Records from a collection
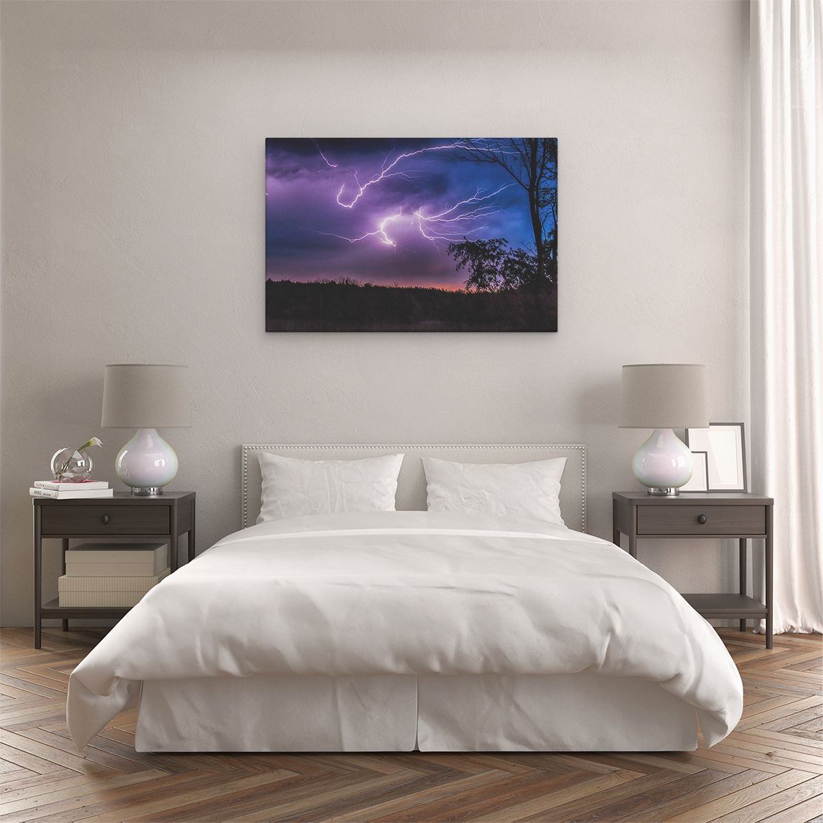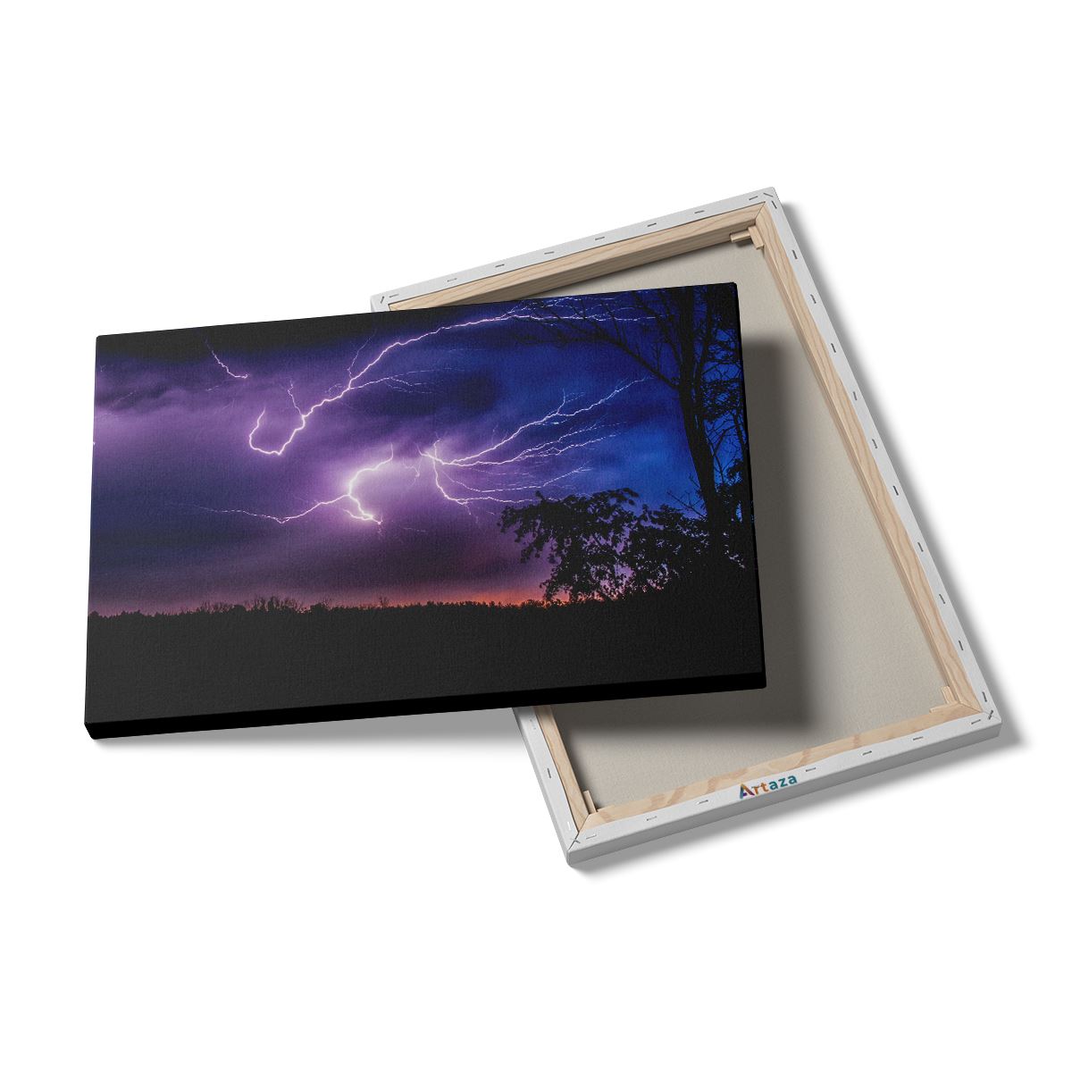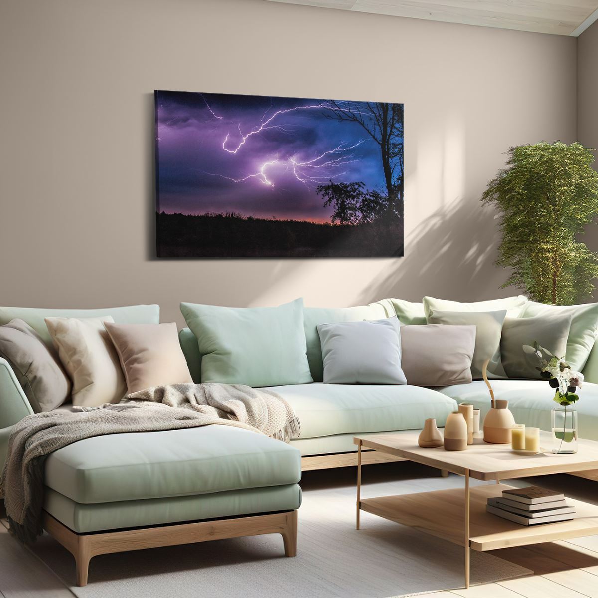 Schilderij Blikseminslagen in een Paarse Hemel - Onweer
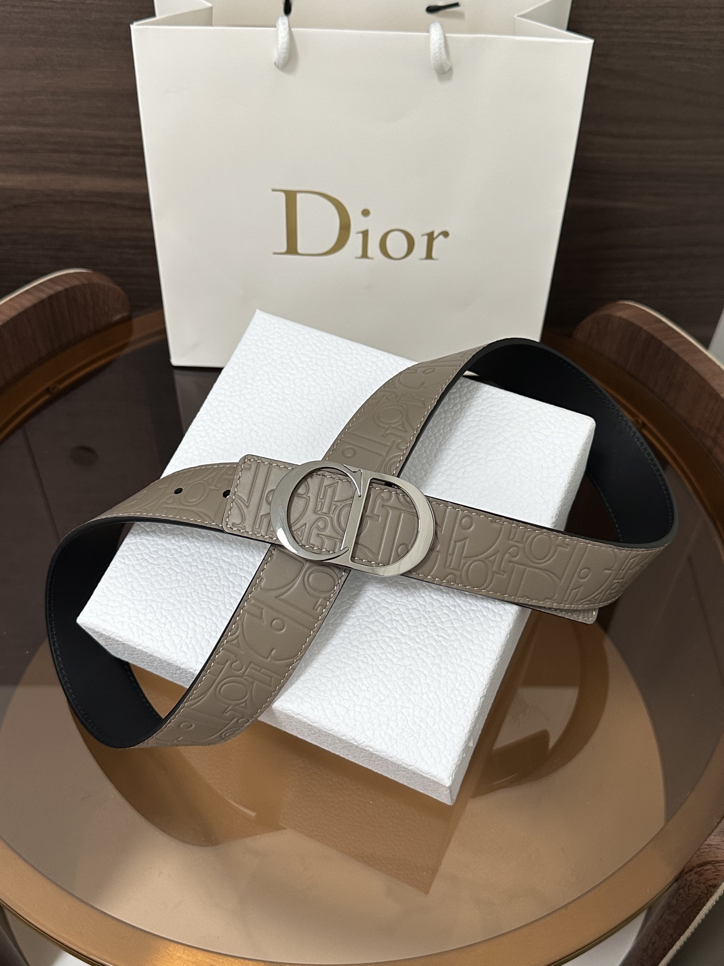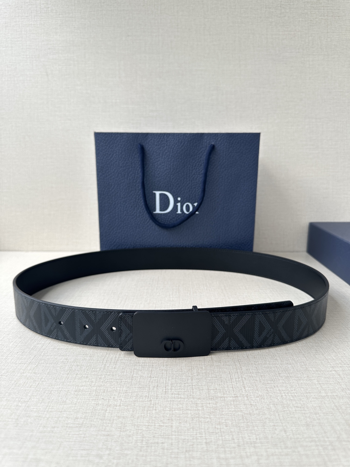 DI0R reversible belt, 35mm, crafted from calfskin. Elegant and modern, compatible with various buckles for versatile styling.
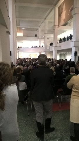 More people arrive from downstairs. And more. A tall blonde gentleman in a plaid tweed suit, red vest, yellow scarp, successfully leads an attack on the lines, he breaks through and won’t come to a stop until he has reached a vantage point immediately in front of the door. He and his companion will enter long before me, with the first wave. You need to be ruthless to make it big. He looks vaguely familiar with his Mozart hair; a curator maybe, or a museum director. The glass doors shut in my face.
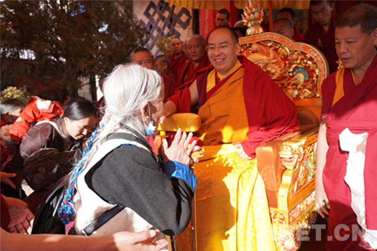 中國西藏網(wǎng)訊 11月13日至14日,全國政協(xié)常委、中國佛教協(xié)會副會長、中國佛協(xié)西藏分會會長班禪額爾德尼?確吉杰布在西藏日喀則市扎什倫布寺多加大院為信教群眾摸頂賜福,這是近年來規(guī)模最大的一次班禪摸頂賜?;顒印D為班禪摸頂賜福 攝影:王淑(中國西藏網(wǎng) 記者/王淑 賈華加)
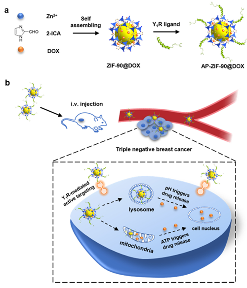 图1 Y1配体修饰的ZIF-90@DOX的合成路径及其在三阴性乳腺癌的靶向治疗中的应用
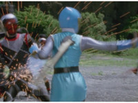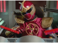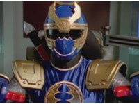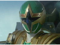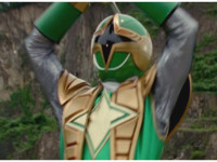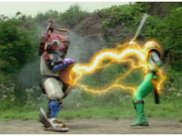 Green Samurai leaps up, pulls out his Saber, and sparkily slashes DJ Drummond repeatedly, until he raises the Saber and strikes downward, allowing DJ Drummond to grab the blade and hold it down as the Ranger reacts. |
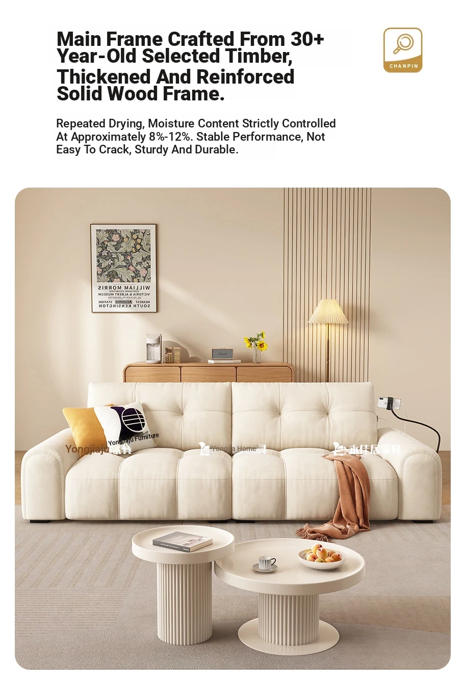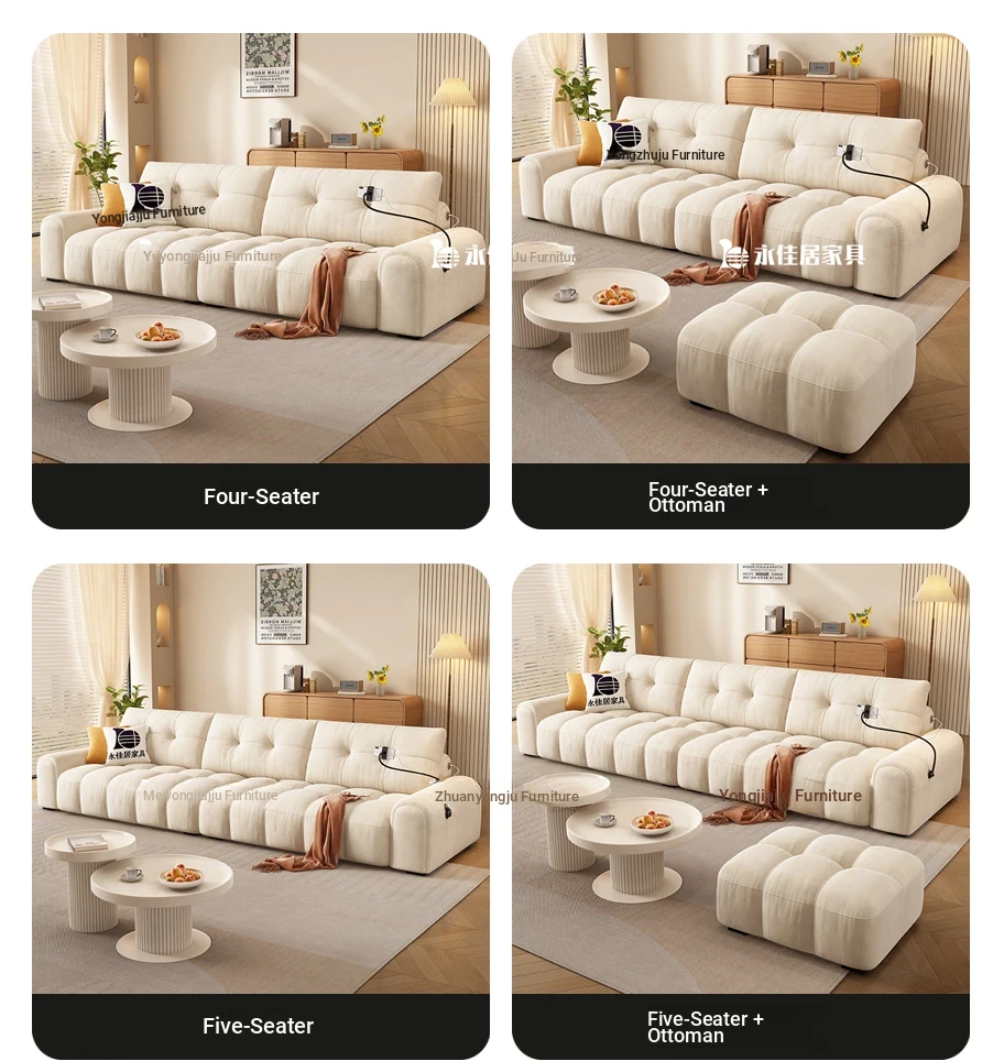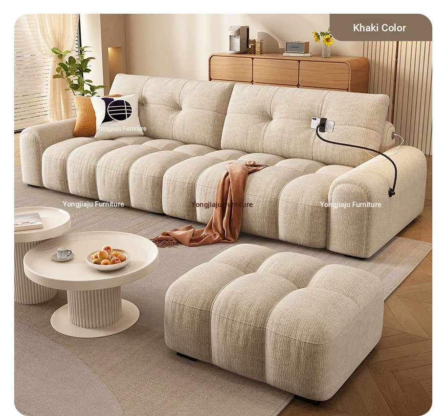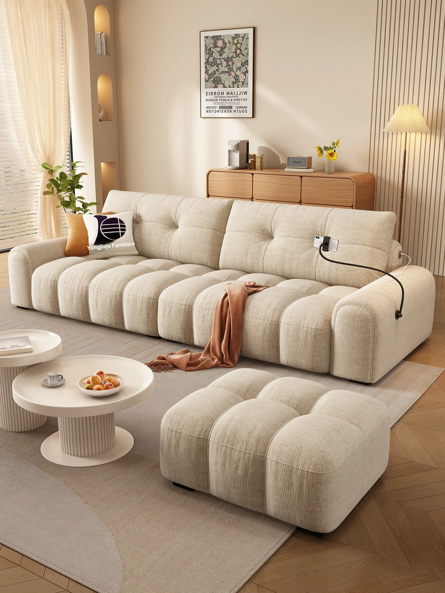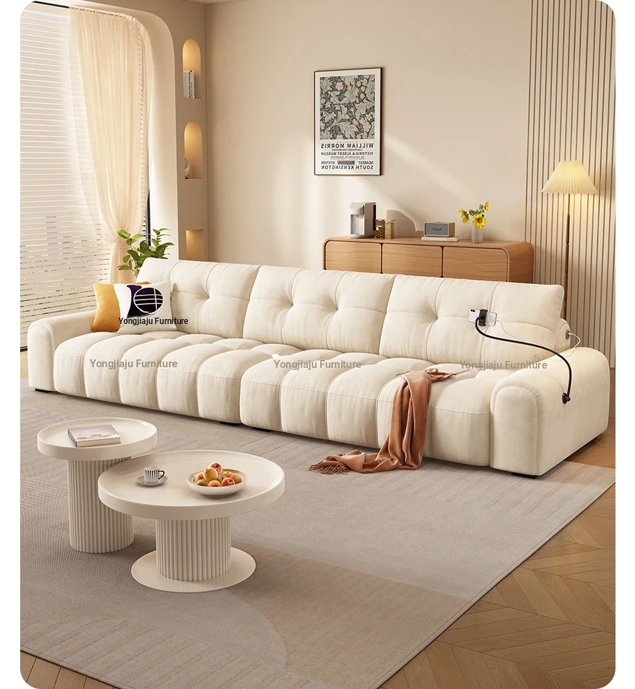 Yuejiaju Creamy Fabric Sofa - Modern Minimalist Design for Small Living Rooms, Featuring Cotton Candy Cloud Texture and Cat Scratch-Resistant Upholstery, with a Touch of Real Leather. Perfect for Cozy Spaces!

— Work instruction —
Restate the lines of the records exactly, starting at the first and stopping after the line with "Green Samurai leaps". Leave out any picture.

— Output below —
 Schilderij Blikseminslagen in een Paarse Hemel - Onweer
 DI0R reversible belt, 35mm, crafted from calfskin. Elegant and modern, compatible with various buckles for versatile styling.
 More people arrive from downstairs. And more. A tall blonde gentleman in a plaid tweed suit, red vest, yellow scarp, successfully leads an attack on the lines, he breaks through and won’t come to a stop until he has reached a vantage point immediately in front of the door. He and his companion will enter long before me, with the first wave. You need to be ruthless to make it big. He looks vaguely familiar with his Mozart hair; a curator maybe, or a museum director. The glass doors shut in my face.
 中國西藏網(wǎng)訊 11月13日至14日,全國政協(xié)常委、中國佛教協(xié)會副會長、中國佛協(xié)西藏分會會長班禪額爾德尼?確吉杰布在西藏日喀則市扎什倫布寺多加大院為信教群眾摸頂賜福,這是近年來規(guī)模最大的一次班禪摸頂賜?;顒印D為班禪摸頂賜福 攝影:王淑(中國西藏網(wǎng) 記者/王淑 賈華加)
 图1 Y1配体修饰的ZIF-90@DOX的合成路径及其在三阴性乳腺癌的靶向治疗中的应用
 Green Samurai leaps up, pulls out his Saber, and sparkily slashes DJ Drummond repeatedly, until he raises the Saber and strikes downward, allowing DJ Drummond to grab the blade and hold it down as the Ranger reacts. |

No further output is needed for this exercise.